CHAMPAIGN, Ill. — A University of Illinois music professor has been awarded a National Endowment for the Humanities Fellowship for 2019.
The recipient, Christina Bashford, is a professor of musicology.
“Congratulations to Professor Bashford on receiving this highly competitive fellowship,” said Chancellor Robert J. Jones. “Her selection recognizes her outstanding scholarship in her field, and we’re proud to have her among our faculty.”
The NEH awarded $30.9 million in grants for 188 humanities projects across the nation. The fellowship program supports advanced research in the humanities, and the recipients produce articles, books, digital materials or other scholarly resources.
The NEH has received an average of 1,110 applications per year for fellowships in the last five rounds of competition, according to the NEH website. Over that time, it awarded an average of 79 fellowships per year for a funding rate of 7%, making the fellowships among the most competitive humanities awards in the country.

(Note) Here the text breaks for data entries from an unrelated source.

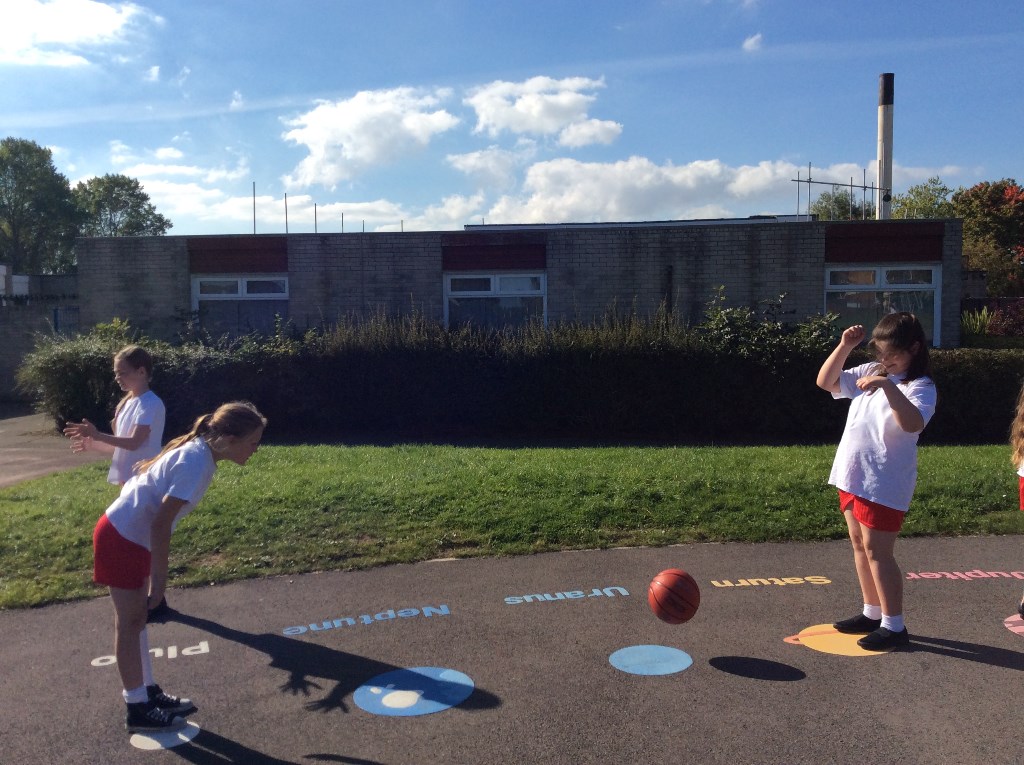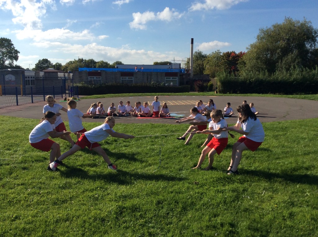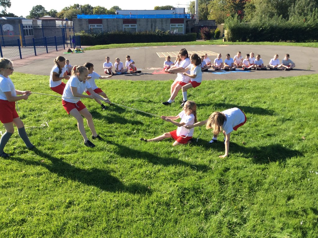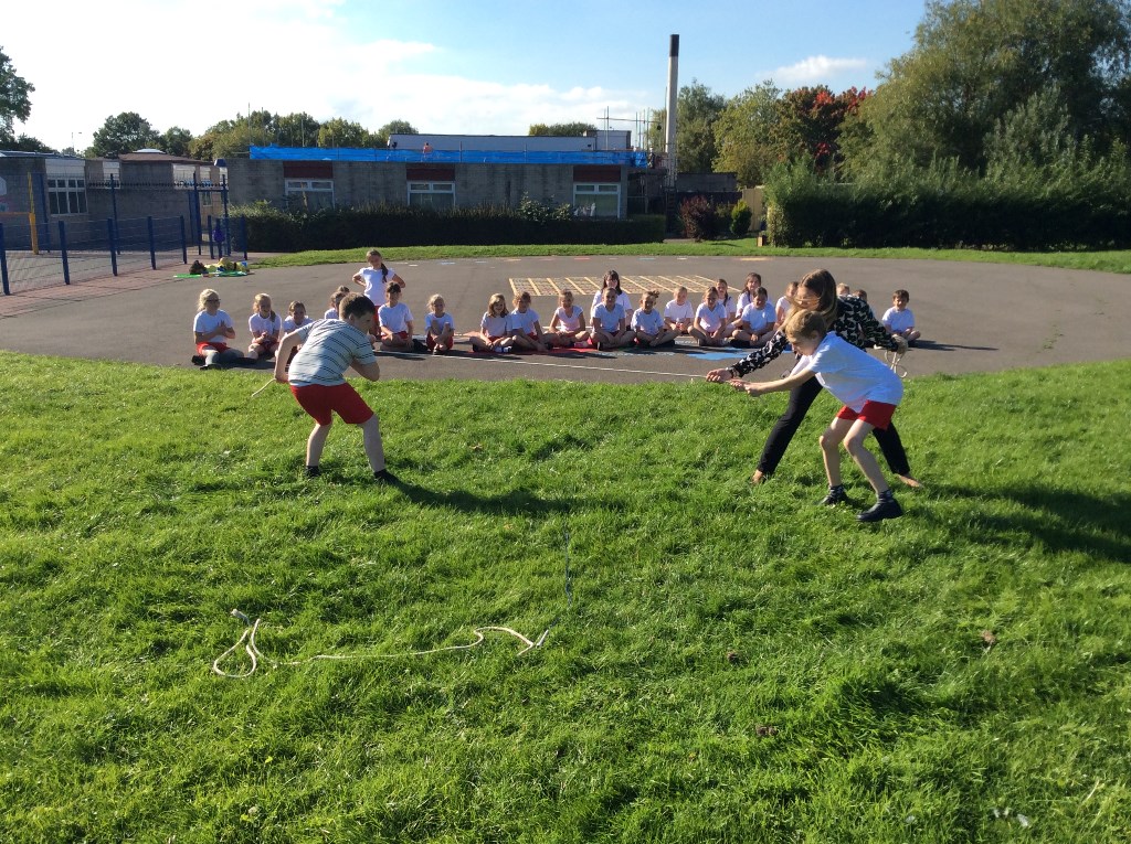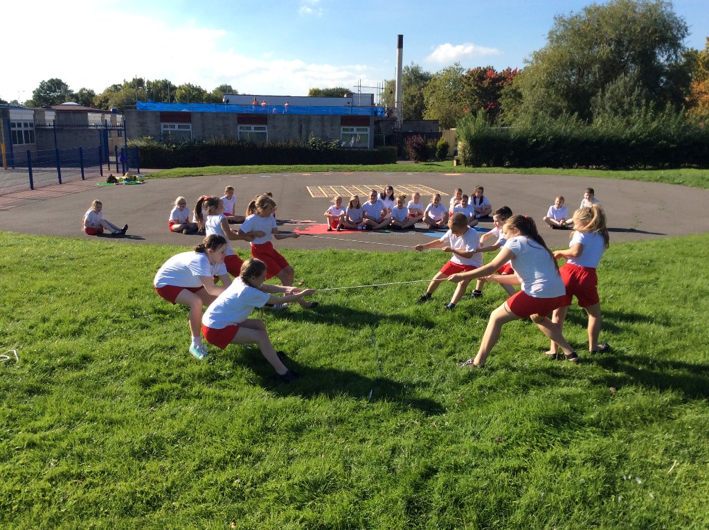 Year 5 took advantage of the sunny weather to get outside and investigate forces. They used balls, bean bags, hoops and ropes – and each other! Can you tell which forces they are investigating?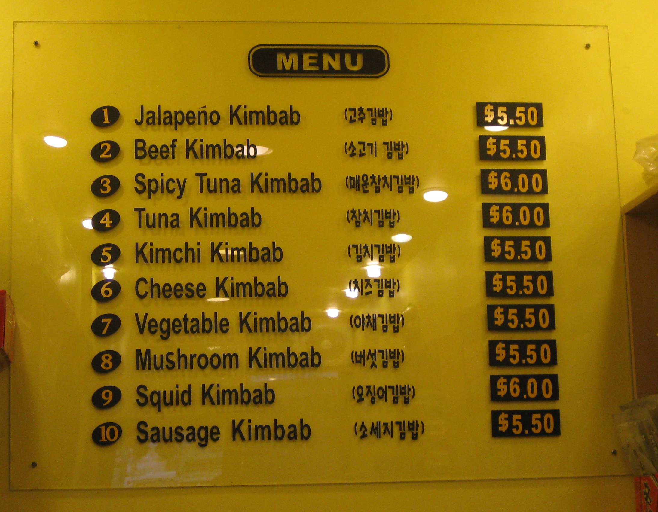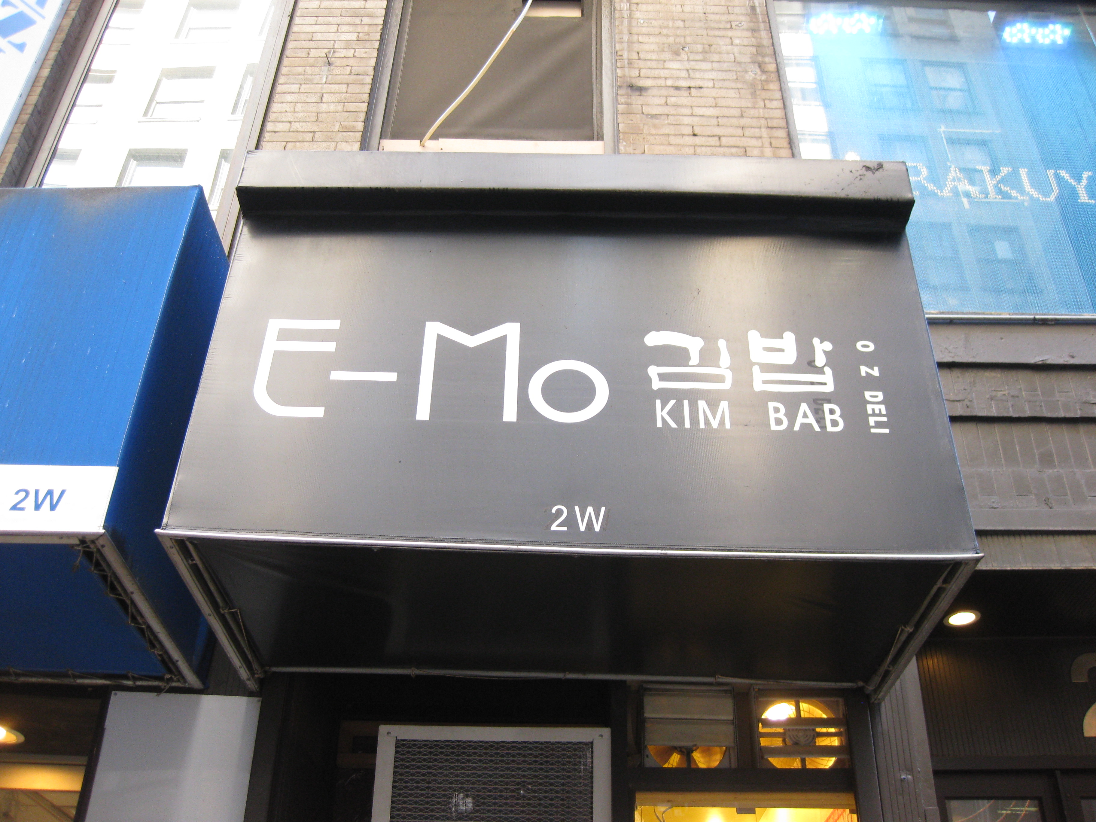 With standing room only and walls the color of your bright yellow pickled daikon, E-Mo (W.32nd St. btw. 5th Ave and B’way), which means “aunt” in Korean, serves up homestyle, made-to-order kimbap from a tiny storefront in Koreatown. E-Mo is by far the most popular place to get “Korean sushi” in Ktown. A cheap, hole-in-the-wall, you’d think it would be a Midtown Lunch classic, but surprisingly hasn’t had its own coverage… ’til now. And come on Zach, it’s secretly a caloric brick.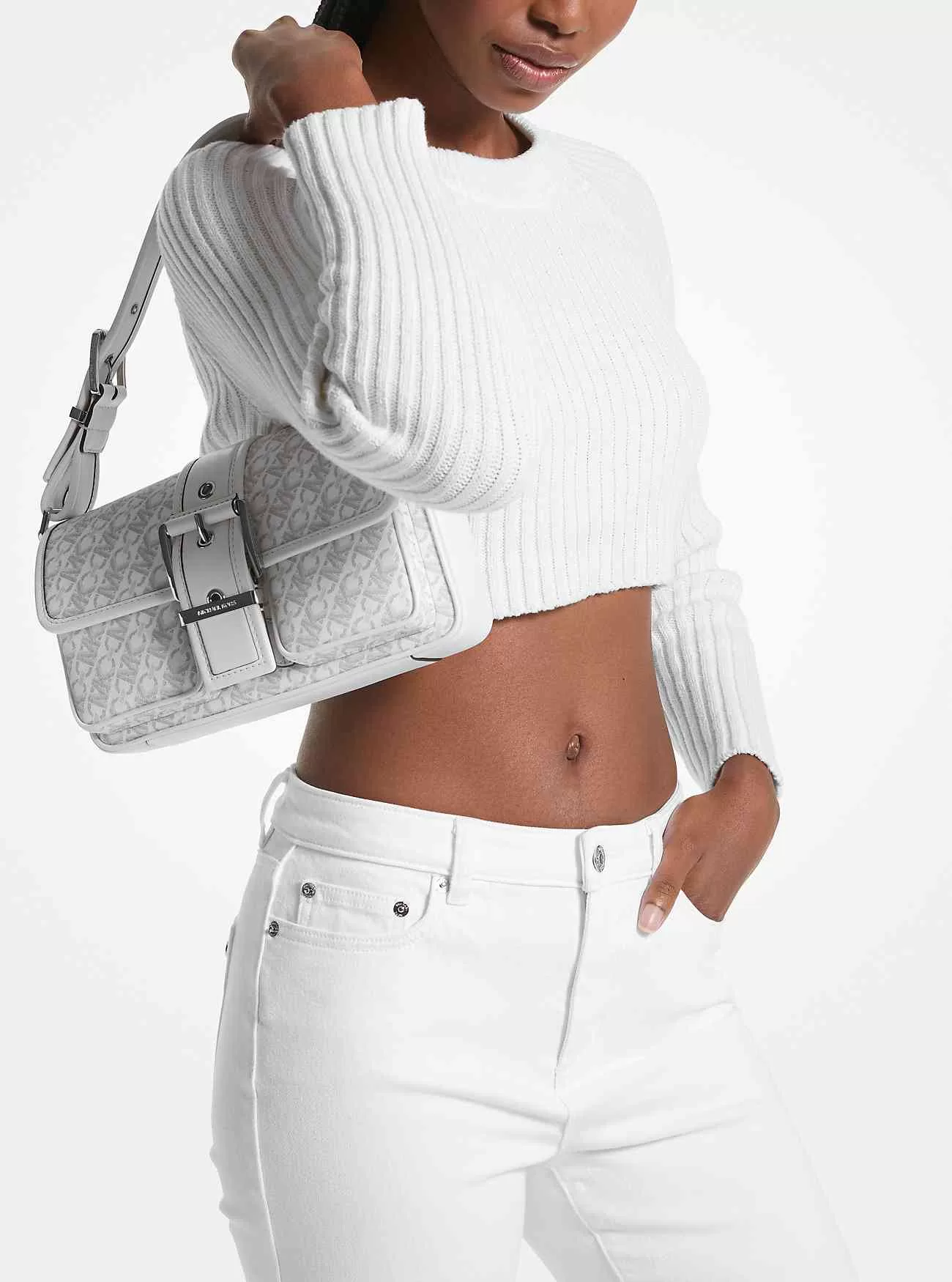 Den moderna men ändå klassiska Colby-axelväskan framkallar en cool, New York-inspirerad känsla. Med sin eleganta rektangulära siluett och djärva spänneaccent är den här chica stilen tillverkad av Empire Logo print läder och designad för att vila sömlöst under din arm. Matcha dina smycken till den silverfärgade hårdvaran.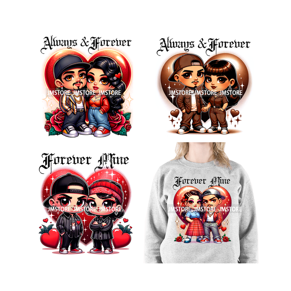 Dolce sempre sempre Chicano san valentino Chola coppia messicana Latina amore ferro su DTF adesivi di trasferimento pronti a premere per i vestiti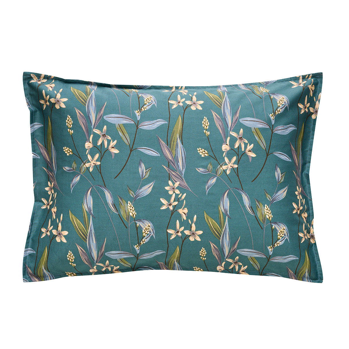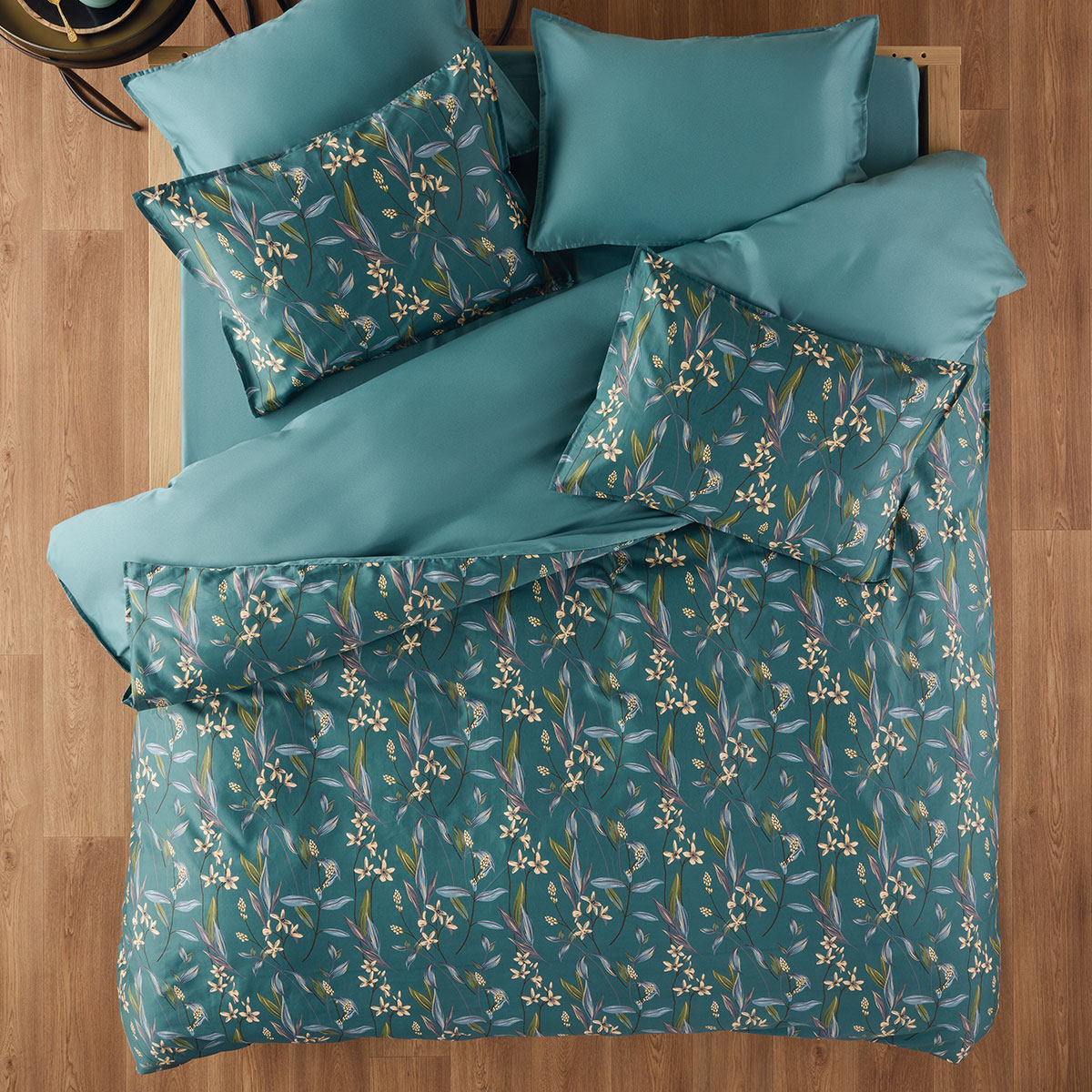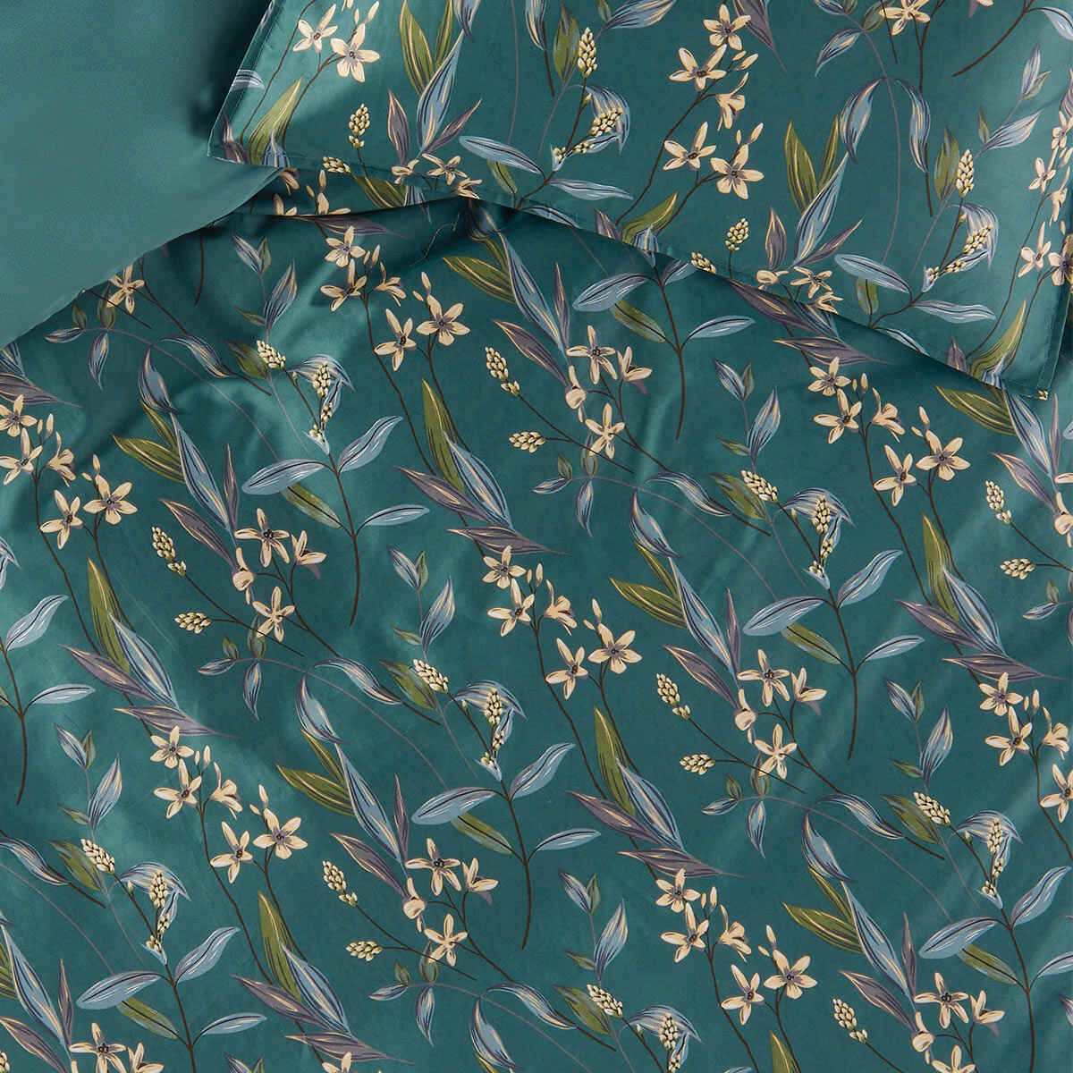 Σετ υπέρδιπλη παπλωματοθήκη από την εταιρεία Kentia. Έχουν φλοράλ σχέδιο σε πετρόλ απόχρωση με εκρού-γκρι-πράσινες λεπτομέρειες. Το ύφασμα είναι 100% βαμβακοσατέν 300 κλωστών, εξαιρετικής ποιότητας, που προσφέρει πολύ απαλή υφή και ανθεκτικότητα. Είναι διπλής όψης, η μία μεριά έχει το σχέδιο του πανωσέντονου και η άλλη το σχέδιο του κατωσέντονου. Οι μαξιλαροθήκες είναι με περιμετρικό πλαίσιο (τύπος oxford) και έχουν το σχέδιο του πανωσέντονου. Συνδυάστε την με τα υπόλοιπα προϊόντα του ίδιου σχεδίου για ένα ολοκληρωμένο αποτέλεσμα.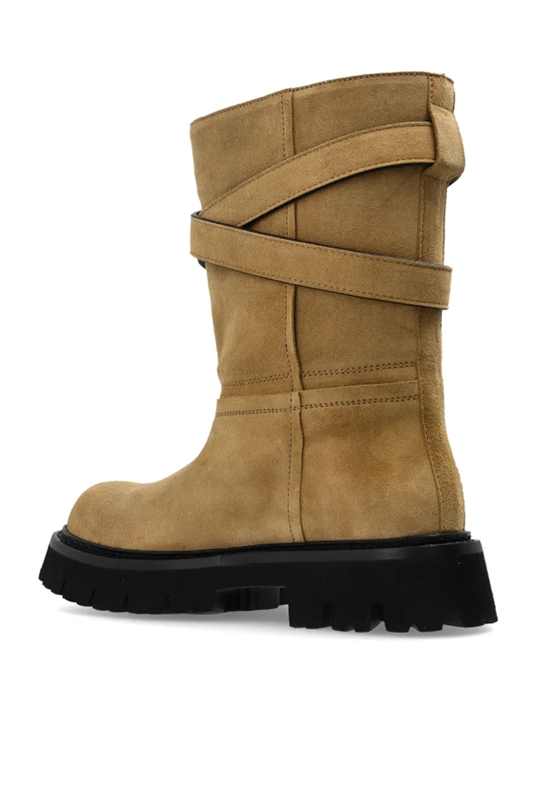 Usztywniona, szeroka cholewka gwarantuje niepowtarzalny komfort użytkowania oraz podkreśla unikatowość sylwetki. Projekt wzbogacają szerokie, zamszowe paski oplatające górę cholewki – efektowny detal dodający obuwiu niepowtarzalnego charakteru.

Bashford’s book project, “Forgotten Voices, Hidden Pleasures: Violin Culture in Britain, 1870-1930,” examines the vibrant grassroots British culture – previously unexplored by music historians – that formed around the playing, making and collecting of the instruments of the violin family. It reveals intricate and extensive networks of forgotten professionals and amateur enthusiasts, including thousands of middle-class women, working-class men and schoolchildren who became entranced by an instrument that had become newly available to them.
Bashford looks at how and why these fragile instruments so captured the late Victorian imagination, and the impact that violin culture had on the British compositional tradition. Her study demonstrates the violin’s systemic, democratizing and lasting impact on musical life in Britain, and how the growth of violin culture was bound up with contemporary concerns.
The National Endowment for the Humanities is an independent federal agency, and one of the largest funders of humanities programs in the United States. It supports research and learning in history, literature, philosophy and other areas of the humanities by funding selected peer-reviewed proposals from around the nation.